Effectiveness Not Established

Research Evidence Summaries

Evensen, J. F., Bjordal, K., Jacobsen, A. B., Løkkevic E. & Tausjø, J. E. (2001). Effects of Na-sucrose octasulfate on skin and mucosa reactions during radiotherapy of head and neck cancers--a randomized prospective study. Acta Oncologica, 40, 751–755.


Study Purpose:

To evaluate the protective effects of Na-sucrose octasulfate (NaSOS) on radiation-induced skin damage in patients with head and neck cancer.

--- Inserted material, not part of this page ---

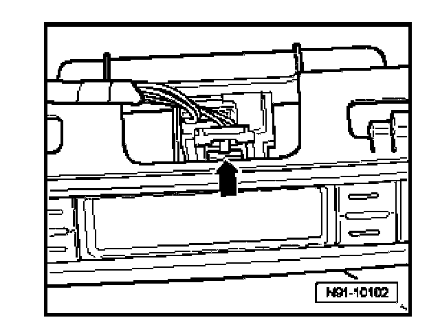 - Lift connector lock in direction of -arrow- and disconnect electrical connection.

Intervention Characteristics/Basic Study Process:

Each patient was his or her own control. NaSOS was applied on one side, and the placebo was applied to the other. It was started on day 1 of radiation therapy (RT) treatment. The gel was applied twice a day during RT and for two weeks after.

Sample Characteristics:

  • The sample was comprised of 60 patients (20 females, 40 males).
  • Mean age was 60 years (range 21–81).
  • Patients had head and neck cancer.
  • Megavoltage was 4 to 6 MV.
  • There were two opposing lateral portals with separate anterior low neck portals, 2 Gy per fraction, to a total dose of 50 to 70 Gy. Mean total dose was 59.7 Gy.



Study Design:

The study used a quasiexperimental, double-blind, vehicle-controlled design. Each patient was his or her own control.

Measurement Instruments/Methods:

  • Assessments were performed at initiation and weekly.
  • European Organisation for Research and Treatment of cancer (EORTC)/Radiation Therapy Oncology Group (RTOG) acute skin reaction scoring system was used for skin reactions and for pain and itching on both sides.


  • The mean skin reaction grade was higher where the placebo was used (p = 0.02).
  • There were no differences between groups in other variables or the timing of skin reaction development.


There was no significant protective effect with use of NaSOS.


  • The authors did not specify who performed evaluations, and there was no interrater reliability.
  • There was no log for validation of compliance with study protocol.
  • Other skin care regimens are uncertain.
  • The study had a relatively small sample size.